The study of astronomical objects by using detectors mounted on Earth-orbiting satellites or deep-space probes so that observations unobstructed by the Earth's atmosphere can be made. The Earth's atmosphere allows only a narrow slice of the visible and near-infrared spectrum through, in addition to much of the radio band. Even at visible and near-infrared wavelengths, atmospheric turbulence distorts the light and smears the images of ground-based telescopes, limiting their resolution to about 1 arc-second.

This article discusses orbiting telescopes that observe electromagnetic radiation that is blocked by the Earth's atmosphere in the microwave, infrared, ultraviolet, x-ray, and gamma-ray regions of the electromagnetic spectrum. For a discussion of the Hubble Space Telescope, which was launched in 1990 to make visible, ultraviolet, and near-infrared observations at a higher resolution than previously possible, See also Space Telescope, Hubble.

Cosmic background radiation

The shortest radio wavelengths are blocked so that studies of the high-frequency end of the spectrum of the cosmic microwave background radiation, which is the thermal blackbody radiation at approximately 3-K temperature and is the signature of the big bang, must be made from high-altitude balloons, rockets, or satellites. The Cosmic Background Explorer (COBE) satellite carried out such studies from 1989 to 1991 and provided discoveries of historic importance, as did the Wilkinson Microwave Anisotropy Probe (WMAP), launched in 2001. See also Cosmic background radiation.

Infrared astronomy

At infrared wavelengths longer than about 2 micrometers (that is, some four times that of visible light), the atmosphere is largely opaque, and again astronomy must be done from balloons, rockets, and satellites. In 1983 the United States launched the Infrared Astronomical Satellite (IRAS) into low Earth orbit, where it carried out the first all-sky survey in four different infrared-wavelength bands over the next 2 years.

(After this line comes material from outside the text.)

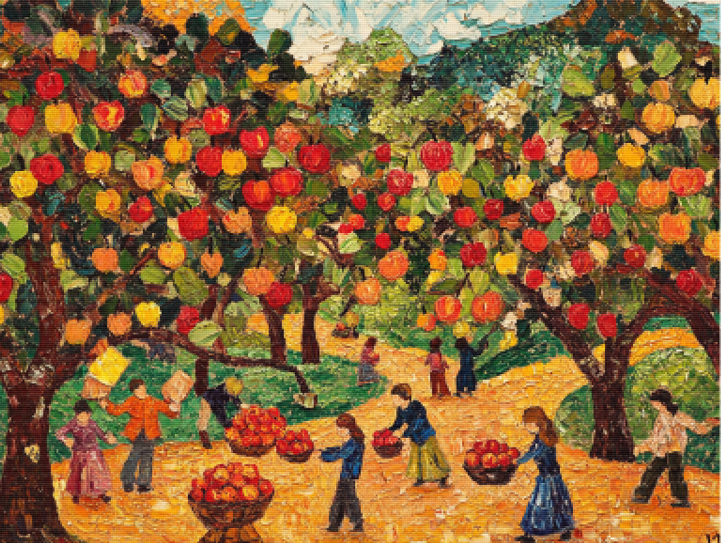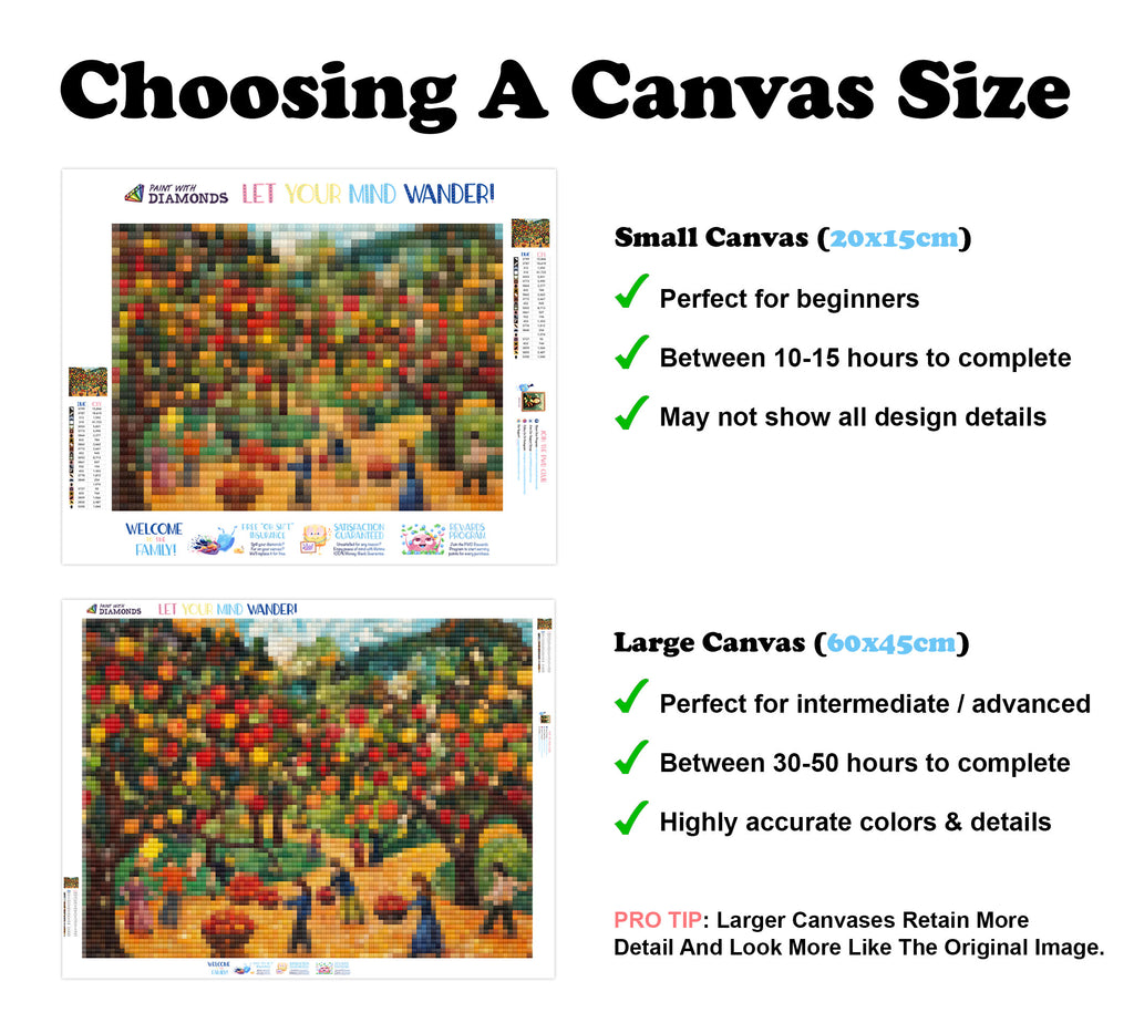 Escape into a world of vibrant colors and creative tranquility with the ‘Autumn Orchard Ripe Apples’ Diamond Painting Kit. This exclusive full-drill design by artist Caleb Smith is available only at Paint With Diamonds. Let your mind unwind as you piece together shimmering diamonds to create a beautiful masterpiece.

The European Space Agency's Infrared Space Observatory (ISO; 1995–1998) was designed to do detailed studies of selected regions of the sky with better angular resolution, wider wavelength coverage, enhanced imaging and spectroscopic capabilities, and higher sensitivity than IRAS. In 2003, the National Aeronautics and Space Administration (NASA) launched the Spitzer Telescope, the last of its four great observatories, with infrared arrays that were substantially larger and more sensitive than those on ISO. See also Infrared astronomy.

Ultraviolet astronomy

Since the Earth's atmosphere is opaque to ultraviolet (UV) light with wavelengths shorter than about 310 nanometers, ultraviolet astronomy had to await the space age. Astrophysical problems were explored with the several ultraviolet detector systems flown on the OSO (Orbiting Solar Observatory) and OAO (Orbiting Astronomical Observatory) satellite series in the 1960s and early 1970s, as well as with the subsequent IUE (International Ultraviolet Explorer) satellite. A much more powerful tool became available in 1990 with the launch of the Hubble Space Telescope. In June 1990 the ROSAT satellite was launched by NASA for the Germans, and carried out the first far-ultraviolet sky survey with the Wide Field Camera supplied by United Kingdom investigators. The first dedicated ultraviolet astronomy satellite, the Extreme Ultraviolet Explorer (EUVE), was launched in 1992 and operated until January 2001.

The Wide Field Camera ultraviolet telescope on ROSAT and the ultraviolet telescopes on EUVE detected some 400 far-ultraviolet objects in several bands in the wavelength range 6–80 nm. EUVE also enabled ultraviolet spectra on a great variety of objects to be measured, from coronae of relatively nearby stars (such as alpha Centauri) to measurements of an unexpectedly bright ultraviolet halo around the active galaxy M87 in the Virgo cluster of galaxies.

The major leap forward in ultraviolet observations, both imaging and spectra, of galactic objects came with the Hubble Space Telescope. Even with its initially blurred vision, this instrument made countless discoveries by obtaining much higher spatial resolution in the ultraviolet than ever before. Its images of SN1987A were able to resolve the expanding ring of ejecta from the bright supernova and the presupernova shell of gas expelled by the giant. With the enhanced ultraviolet sensitivity of the repaired Hubble Space Telescope, significant studies of the nature of quasars and distant galaxies became possible. See also Galaxy, external; Supernova.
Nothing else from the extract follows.